• _Work request_
Every record below needs to be printed again exactly.
■ ■ ■ ■ ■ ■ ■
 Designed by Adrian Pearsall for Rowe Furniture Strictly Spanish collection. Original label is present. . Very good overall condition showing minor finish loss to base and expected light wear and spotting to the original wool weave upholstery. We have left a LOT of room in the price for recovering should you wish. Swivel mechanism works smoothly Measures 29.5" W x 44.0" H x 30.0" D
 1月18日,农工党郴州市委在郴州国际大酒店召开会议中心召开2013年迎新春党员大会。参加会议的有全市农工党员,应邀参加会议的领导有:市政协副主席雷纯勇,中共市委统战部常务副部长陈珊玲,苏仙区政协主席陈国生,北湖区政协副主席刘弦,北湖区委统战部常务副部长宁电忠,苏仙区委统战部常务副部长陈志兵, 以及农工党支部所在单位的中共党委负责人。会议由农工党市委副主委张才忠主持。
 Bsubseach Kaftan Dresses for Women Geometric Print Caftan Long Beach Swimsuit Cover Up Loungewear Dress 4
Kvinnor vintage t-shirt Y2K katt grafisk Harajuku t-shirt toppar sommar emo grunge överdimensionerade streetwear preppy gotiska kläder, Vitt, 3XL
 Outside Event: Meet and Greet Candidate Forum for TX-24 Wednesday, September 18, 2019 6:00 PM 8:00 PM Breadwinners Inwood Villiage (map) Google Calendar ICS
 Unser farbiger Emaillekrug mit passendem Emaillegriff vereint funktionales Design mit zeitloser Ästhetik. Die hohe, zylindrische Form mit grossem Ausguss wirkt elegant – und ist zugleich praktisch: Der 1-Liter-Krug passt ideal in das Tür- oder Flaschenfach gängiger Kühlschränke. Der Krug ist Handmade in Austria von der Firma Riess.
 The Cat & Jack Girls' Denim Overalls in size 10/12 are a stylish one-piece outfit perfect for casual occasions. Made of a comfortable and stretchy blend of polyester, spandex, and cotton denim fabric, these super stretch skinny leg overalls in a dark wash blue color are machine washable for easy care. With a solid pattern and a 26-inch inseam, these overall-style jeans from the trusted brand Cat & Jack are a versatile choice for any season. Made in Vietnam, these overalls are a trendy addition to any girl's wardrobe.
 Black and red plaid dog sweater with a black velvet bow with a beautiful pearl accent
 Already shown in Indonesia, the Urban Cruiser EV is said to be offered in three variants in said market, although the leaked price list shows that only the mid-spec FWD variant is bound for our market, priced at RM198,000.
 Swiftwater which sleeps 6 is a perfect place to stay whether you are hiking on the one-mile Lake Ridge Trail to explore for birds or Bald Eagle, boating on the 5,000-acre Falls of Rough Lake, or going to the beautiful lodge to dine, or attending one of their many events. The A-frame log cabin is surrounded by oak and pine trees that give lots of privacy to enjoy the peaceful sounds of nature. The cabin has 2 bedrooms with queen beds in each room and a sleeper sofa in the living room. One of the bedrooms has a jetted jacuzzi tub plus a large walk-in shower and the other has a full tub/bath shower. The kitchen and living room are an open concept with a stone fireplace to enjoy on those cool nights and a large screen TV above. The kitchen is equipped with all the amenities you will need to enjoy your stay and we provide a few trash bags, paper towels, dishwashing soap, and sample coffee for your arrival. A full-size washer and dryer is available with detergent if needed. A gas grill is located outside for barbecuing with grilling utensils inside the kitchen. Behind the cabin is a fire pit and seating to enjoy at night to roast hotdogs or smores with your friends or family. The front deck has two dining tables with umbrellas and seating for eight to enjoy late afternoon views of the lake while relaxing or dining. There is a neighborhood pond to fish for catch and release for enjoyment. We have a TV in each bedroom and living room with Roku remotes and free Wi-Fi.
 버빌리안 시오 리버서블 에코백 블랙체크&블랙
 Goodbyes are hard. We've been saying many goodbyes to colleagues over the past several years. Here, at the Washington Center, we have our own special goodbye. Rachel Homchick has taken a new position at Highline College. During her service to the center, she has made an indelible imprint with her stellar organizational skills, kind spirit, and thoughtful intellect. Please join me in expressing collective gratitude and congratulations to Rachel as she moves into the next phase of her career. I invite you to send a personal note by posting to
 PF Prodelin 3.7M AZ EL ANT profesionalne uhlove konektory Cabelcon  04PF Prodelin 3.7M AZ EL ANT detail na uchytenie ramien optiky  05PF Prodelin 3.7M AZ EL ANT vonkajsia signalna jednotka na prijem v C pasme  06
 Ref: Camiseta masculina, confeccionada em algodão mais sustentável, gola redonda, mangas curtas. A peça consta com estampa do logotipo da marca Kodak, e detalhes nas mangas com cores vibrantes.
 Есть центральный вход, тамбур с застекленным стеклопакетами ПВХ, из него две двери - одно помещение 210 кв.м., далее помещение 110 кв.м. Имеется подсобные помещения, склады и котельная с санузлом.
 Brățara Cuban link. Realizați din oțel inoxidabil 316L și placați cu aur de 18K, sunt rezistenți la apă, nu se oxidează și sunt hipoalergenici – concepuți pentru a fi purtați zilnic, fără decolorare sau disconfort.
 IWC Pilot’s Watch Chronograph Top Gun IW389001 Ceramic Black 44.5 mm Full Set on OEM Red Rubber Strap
■ ■ ■ ■ ■ ■ ■
• _Response to the task_
 Designed by Adrian Pearsall for Rowe Furniture Strictly Spanish collection. Original label is present. . Very good overall condition showing minor finish loss to base and expected light wear and spotting to the original wool weave upholstery. We have left a LOT of room in the price for recovering should you wish. Swivel mechanism works smoothly Measures 29.5" W x 44.0" H x 30.0" D
 1月18日,农工党郴州市委在郴州国际大酒店召开会议中心召开2013年迎新春党员大会。参加会议的有全市农工党员,应邀参加会议的领导有:市政协副主席雷纯勇,中共市委统战部常务副部长陈珊玲,苏仙区政协主席陈国生,北湖区政协副主席刘弦,北湖区委统战部常务副部长宁电忠,苏仙区委统战部常务副部长陈志兵, 以及农工党支部所在单位的中共党委负责人。会议由农工党市委副主委张才忠主持。
 Bsubseach Kaftan Dresses for Women Geometric Print Caftan Long Beach Swimsuit Cover Up Loungewear Dress 4
Kvinnor vintage t-shirt Y2K katt grafisk Harajuku t-shirt toppar sommar emo grunge överdimensionerade streetwear preppy gotiska kläder, Vitt, 3XL
 Outside Event: Meet and Greet Candidate Forum for TX-24 Wednesday, September 18, 2019 6:00 PM 8:00 PM Breadwinners Inwood Villiage (map) Google Calendar ICS
 Unser farbiger Emaillekrug mit passendem Emaillegriff vereint funktionales Design mit zeitloser Ästhetik. Die hohe, zylindrische Form mit grossem Ausguss wirkt elegant – und ist zugleich praktisch: Der 1-Liter-Krug passt ideal in das Tür- oder Flaschenfach gängiger Kühlschränke. Der Krug ist Handmade in Austria von der Firma Riess.
 The Cat & Jack Girls' Denim Overalls in size 10/12 are a stylish one-piece outfit perfect for casual occasions. Made of a comfortable and stretchy blend of polyester, spandex, and cotton denim fabric, these super stretch skinny leg overalls in a dark wash blue color are machine washable for easy care. With a solid pattern and a 26-inch inseam, these overall-style jeans from the trusted brand Cat & Jack are a versatile choice for any season. Made in Vietnam, these overalls are a trendy addition to any girl's wardrobe.
 Black and red plaid dog sweater with a black velvet bow with a beautiful pearl accent
 Already shown in Indonesia, the Urban Cruiser EV is said to be offered in three variants in said market, although the leaked price list shows that only the mid-spec FWD variant is bound for our market, priced at RM198,000.
 Swiftwater which sleeps 6 is a perfect place to stay whether you are hiking on the one-mile Lake Ridge Trail to explore for birds or Bald Eagle, boating on the 5,000-acre Falls of Rough Lake, or going to the beautiful lodge to dine, or attending one of their many events. The A-frame log cabin is surrounded by oak and pine trees that give lots of privacy to enjoy the peaceful sounds of nature. The cabin has 2 bedrooms with queen beds in each room and a sleeper sofa in the living room. One of the bedrooms has a jetted jacuzzi tub plus a large walk-in shower and the other has a full tub/bath shower. The kitchen and living room are an open concept with a stone fireplace to enjoy on those cool nights and a large screen TV above. The kitchen is equipped with all the amenities you will need to enjoy your stay and we provide a few trash bags, paper towels, dishwashing soap, and sample coffee for your arrival. A full-size washer and dryer is available with detergent if needed. A gas grill is located outside for barbecuing with grilling utensils inside the kitchen. Behind the cabin is a fire pit and seating to enjoy at night to roast hotdogs or smores with your friends or family. The front deck has two dining tables with umbrellas and seating for eight to enjoy late afternoon views of the lake while relaxing or dining. There is a neighborhood pond to fish for catch and release for enjoyment. We have a TV in each bedroom and living room with Roku remotes and free Wi-Fi.
 버빌리안 시오 리버서블 에코백 블랙체크&블랙
 Goodbyes are hard. We've been saying many goodbyes to colleagues over the past several years. Here, at the Washington Center, we have our own special goodbye. Rachel Homchick has taken a new position at Highline College. During her service to the center, she has made an indelible imprint with her stellar organizational skills, kind spirit, and thoughtful intellect. Please join me in expressing collective gratitude and congratulations to Rachel as she moves into the next phase of her career. I invite you to send a personal note by posting to
 PF Prodelin 3.7M AZ EL ANT profesionalne uhlove konektory Cabelcon  04PF Prodelin 3.7M AZ EL ANT detail na uchytenie ramien optiky  05PF Prodelin 3.7M AZ EL ANT vonkajsia signalna jednotka na prijem v C pasme  06
 Ref: Camiseta masculina, confeccionada em algodão mais sustentável, gola redonda, mangas curtas. A peça consta com estampa do logotipo da marca Kodak, e detalhes nas mangas com cores vibrantes.
 Есть центральный вход, тамбур с застекленным стеклопакетами ПВХ, из него две двери - одно помещение 210 кв.м., далее помещение 110 кв.м. Имеется подсобные помещения, склады и котельная с санузлом.
 Brățara Cuban link. Realizați din oțel inoxidabil 316L și placați cu aur de 18K, sunt rezistenți la apă, nu se oxidează și sunt hipoalergenici – concepuți pentru a fi purtați zilnic, fără decolorare sau disconfort.
 IWC Pilot’s Watch Chronograph Top Gun IW389001 Ceramic Black 44.5 mm Full Set on OEM Red Rubber Strap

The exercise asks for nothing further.